It is, indeed, worrisome then to see that all big cloud players have reported hundreds of performance interruptions per year in 2021 and 2022—an average of 25 every month (Parametrix report). Looks like the cloud goes down every day! No wonder, 41 per cent have said they are more concerned about downtime this year than last year. If simply eight hours of cloud downtime during business hours can be catastrophic for 31 per cent decision-makers – then it’s not hard to imagine how much chaos and tear can this puncture cause.

It’s a four-wheel drive, after all!

Well, it’s not a small power-grid hiccup. With a worldwide end-user spending on public cloud services rising to the tune of US$591.8 billion by 2023 (As per Gartner), an outage is something that commands serious attention and pre-emptive work. And today’s IT infrastructure – both back-end and front-end—has many strings going in and out of the cloud shoelaces. One loose end and one can fall right in the mouth of the manhole of an overall outage. The growing incidence and dependencies in cloud add more furrowed brows here.

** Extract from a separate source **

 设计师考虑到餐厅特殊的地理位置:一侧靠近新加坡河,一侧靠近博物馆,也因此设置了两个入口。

Recent findings from ThousandEyes Internet and Cloud Intelligence show total observed global network outages continuing to rise in 2023 so far, while the number of distinct application outages observed seems going northwards in the first half of 2023. Even if the number of application outages is lower than the number of network outages, the potential user impact of application outages is serious. Specially, as they entail a degradation at a single point of aggregation or dependency in the service delivery chain, leading to many ripples.

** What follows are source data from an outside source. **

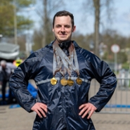Ryan Westernacher-Schneider neemt maar liefst vier medailles mee naar huis. De post-doc van de Sterrewacht vormde een eenmansteam en legde het parcours van vijf kilometer dus vier keer af. Door attributen als een pruik of plaksnor zag hij er elke ronde nét even anders uit. ‘Ik had nog nooit twintig kilometer gelopen, dus ik vond het een mooie uitdaging om dat eens te proberen.’
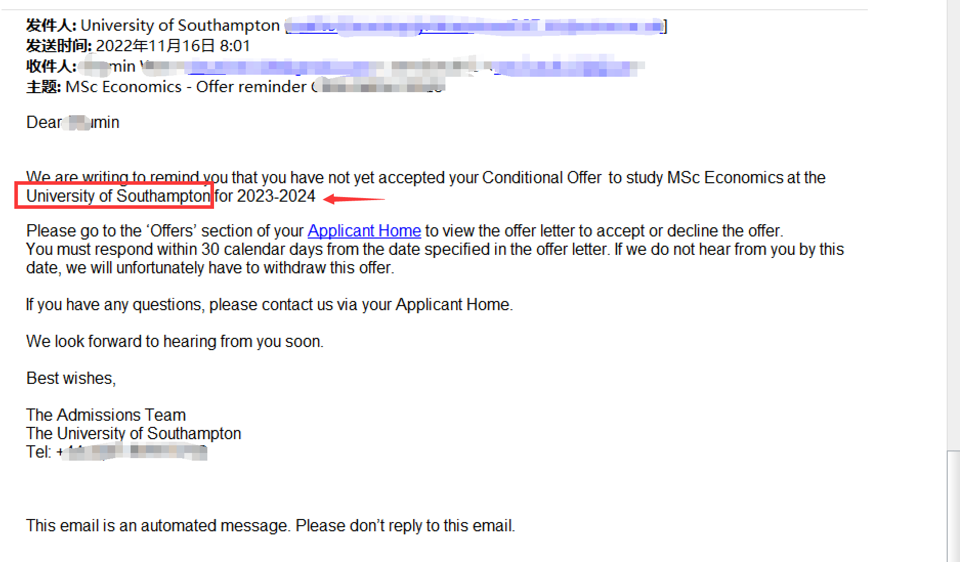 恭喜来自德国的大学的金吉列学员敏同学,收获南安普顿大学(University of Southampton)经济学学硕士(MSc Economics)录取!
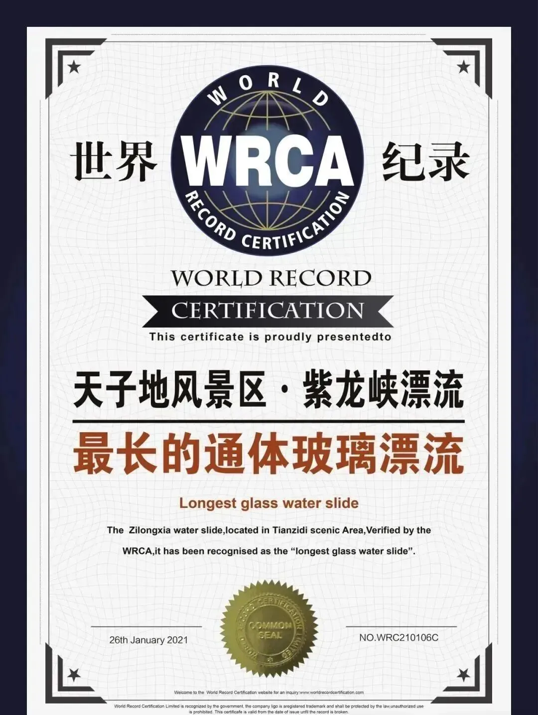 世界纪录“超长的通体玻璃漂流”。3.8公里多长,落差500多米,全程位于峡谷高空之上。水流急速、多个S急转弯和1080度旋转转盘。

What makes these outages different from previous ones? Hicks explains that cloud outages can be categorised as either network level, infrastructure, or service level outages. “To a large degree, network level cloud outages previously appeared to be more prevalent, oftentimes localised to a region or even a specific data center, meaning the impact appeared to be

somewhat contained.”

While we still see those types of cloud outages, Hicks adds, the more recent cloud outages are different as they’ve appeared to occur at the service level, including back-end functionality like authentication and load balancing. “By design, these services are often shared services which means there’s a level of functional interdependence, causing the effects of an outage to have a compounding impact on usability with potentially far greater reach globally.”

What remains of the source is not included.